DELLIN - DSIP lyophilized powder for making drops in ampoules
*All results are individual and depend on your state of health
*Dellin is not a drug
Active ingredient: 1 ampoule contains delta-sleep peptide (0.0003 g) 0.3 mg; (buy dsip peptide)
Bioregulator DELLIN - is produced in the form of ampoules with odorless lyophilized powder. It is highly soluble in water. The ampoule contains 0.3 mg of the delta-sleep-inducing peptide DSIP and the rest is a specially selected mixture of glycine, turine, L-carnosine and pantel (an extract from reindeer antlers).

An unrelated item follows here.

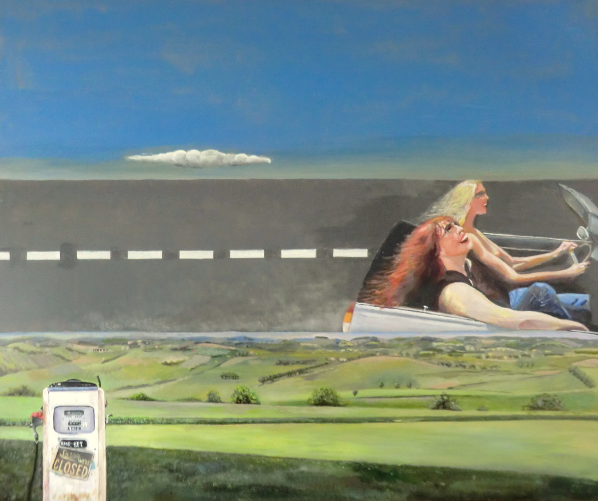2 meiden, genieten van hun vrijheid, landschap gezien vanaf Henri-Chapelle (Amerikaans oorlogskerkhof in Belgie)

Standard or planned therapy of the pathological process - take 1 ampoule from 10 to 30 days, if necessary, after a 10-15 day pause, repeat the course of 1 ampoule daily for 10-15 days;
Early period of rehabilitation of an acute, severe, chronic pathological process - take 2 ampoules for 15-20 days and repeat the course after a 10-day break. Further use is subject to the current state;
Early rehabilitation period for an acute but milder pathological process - take 2 ampoules for 5 days, and then 1 ampule for 15-20 days and after a 15-day pause, repeat 1 ampule daily for 10-15 days;
Complex therapy of an acute pathological process - take 2 ampoules for 10-15 days) and after a 15-day pause, repeat 1 ampoule daily for 10 days;
If the patient is undergoing resuscitation or intensive therapy, it is possible to use from 3 to 5 ampoules of the DELLIN Bioregulator per day, for 2-5 days, and then continue therapy according to the protocol for an acute, severe, chronic pathological process.
Content: Carnosine, a dipeptide consisting of two amino acids (alanine and histidine), is a natural component of human tissue: Glycine (aminoacetic acid) - refers to the nonessential amino acids, is a part of many proteins and biologically active compounds, is easily absorbed by the body. Taurine is an essential sulfoamino acid that has been found in almost all mammalian species.
Peptide complex - including delta-peptide with the last Trp-Ala-Gly-Gly-Asp-Ala-Ser-Gly-Glu, amino acids, growth factor.
Does not contain: artificial flavors or sweeteners, preservatives, sugar, starch, milk, lactose, soy, eggs, glutamate, wheat, yeast, magnesium stearate. Without GMO.
Store in a dry place at temperatures between 5 0 С and 25 0 C, away from direct sunlight.
DELLIN CONTAINS:
The effective results achieved with DELLIN are a consequence of the unique combination of ingredients included in its composition:
Delta sleep peptide DSIP as the main active component Dellin is a natural neuromodulatory peptide that is produced in the body and has broad pharmacological activity. This peptide exhibits a pronounced stress-protective and adaptogenic effect, increases the body’s resistance to the effects of various unfavorable stress factors in pathological conditions due to diseases of various etiologies. The delta sleep peptide prevents the occurrence or limits the severity of stress-induced pathological processes in the body; its modulating effect does not manifest itself in the normal physiological state of the body. Delta sleep peptide has antidepressant and anticonvulsant effects, normalizes sleep, exhibits antitoxic properties, increases mental and physical performance, and limits autonomic disorders. This neuropeptide increases the electrical stability of the heart and increases the fibrillation threshold, limiting cardiovascular disorders under stress. Delta sleep peptide reduces the primary pathological craving for alcohol and eliminates symptoms of alcohol withdrawal.
DELLIN CONTAINS:
Dellin is a unique and powerful mixture of biologically active substances that guarantees its therapeutic effectiveness. This complex includes nerve growth factors and various peptides, including delta sleep peptide.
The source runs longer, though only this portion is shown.